**TASK BRIEF**:
What you return should match the entries below exactly, only without the images.

**DATA TO EXAMINE**:
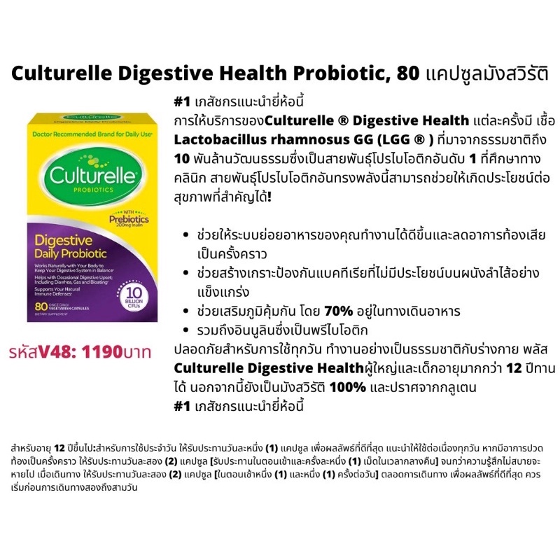 Culturelle Digestive Health Probiotic, 80 แคปซูลมังสวิรัติ
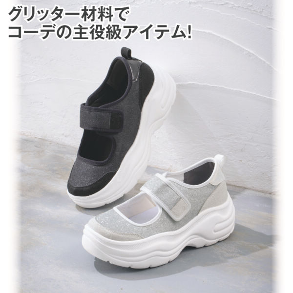 6.5cmの厚底とグリッター材料でコーデの主役級アイテム!
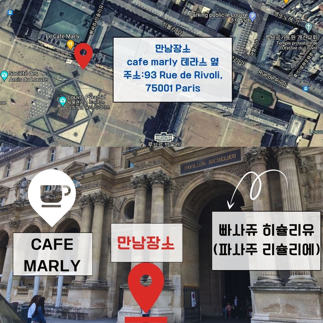루브르 유리 피라미드 입구 옆 빠사쥬 히슐리유 카페 마를리 앞 Le Café Marly : 카페 마를리 테라스와 빠사쥬 히슐리유 사이 기둥 https://maps.app.goo.gl/Dc6gcmhDKiHz9o259 Pyramide du Louvre 75001 Paris
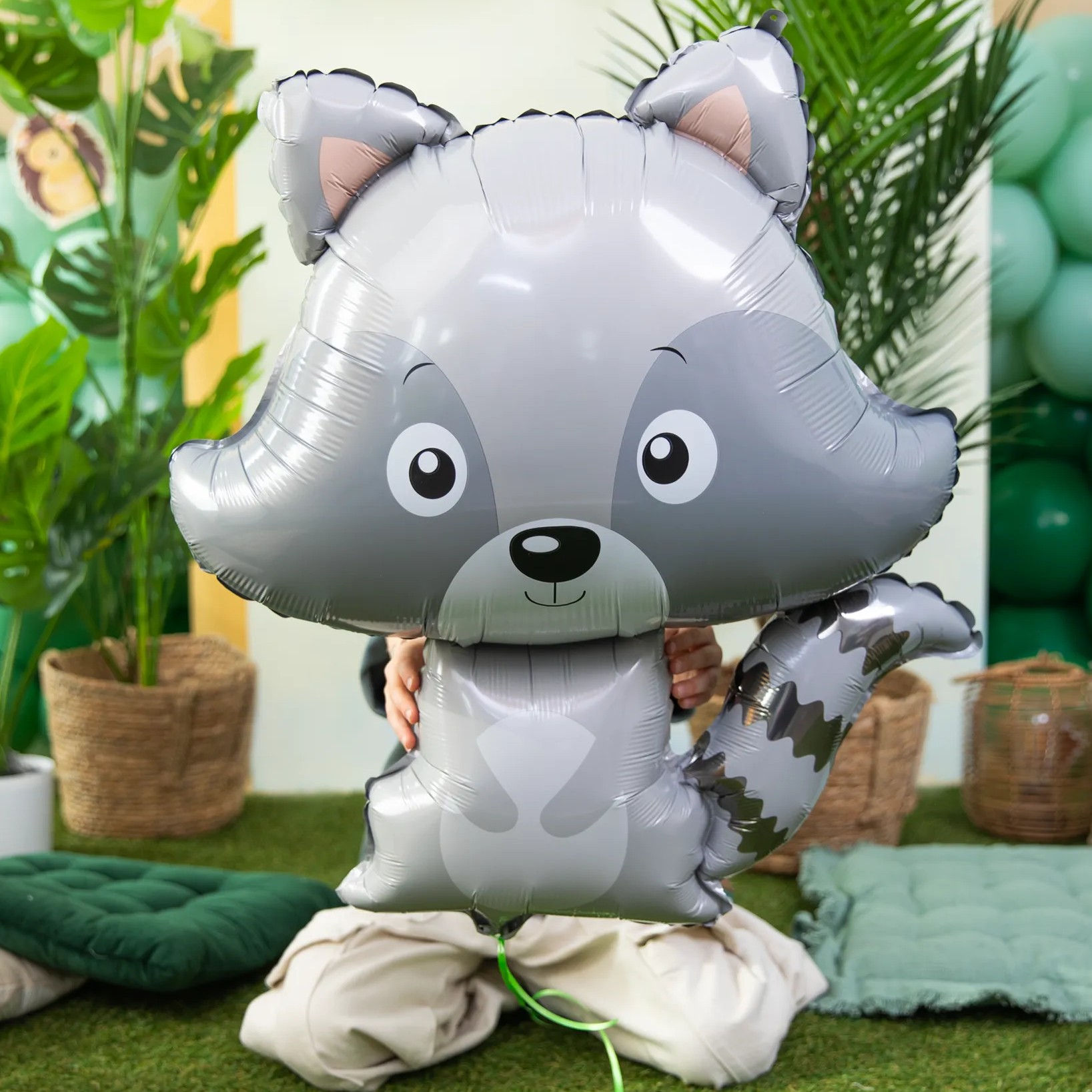 Krásný a velký balónek ve tvaru veselého mývala, který je nezbytností na dětské párty.
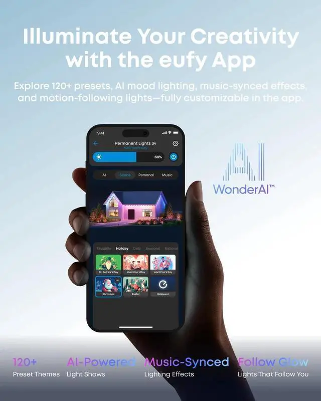 Colorful and Interactive Lighting: Choose from 120 presets with the app, ranging from everyday moods to festive effects, including Halloween and Christmas, to suit any occasion. With AI-powered voice interaction, simply describe the vibe you're looking for, and the system intelligently matches and generates personalized lighting effects. The music flow function analyzes real-time audio, allowing the lights to sync and dance with the rhythm.

**RESULT**:
 Culturelle Digestive Health Probiotic, 80 แคปซูลมังสวิรัติ
 6.5cmの厚底とグリッター材料でコーデの主役級アイテム!
루브르 유리 피라미드 입구 옆 빠사쥬 히슐리유 카페 마를리 앞 Le Café Marly : 카페 마를리 테라스와 빠사쥬 히슐리유 사이 기둥 https://maps.app.goo.gl/Dc6gcmhDKiHz9o259 Pyramide du Louvre 75001 Paris
 Krásný a velký balónek ve tvaru veselého mývala, který je nezbytností na dětské párty.
 Colorful and Interactive Lighting: Choose from 120 presets with the app, ranging from everyday moods to festive effects, including Halloween and Christmas, to suit any occasion. With AI-powered voice interaction, simply describe the vibe you're looking for, and the system intelligently matches and generates personalized lighting effects. The music flow function analyzes real-time audio, allowing the lights to sync and dance with the rhythm.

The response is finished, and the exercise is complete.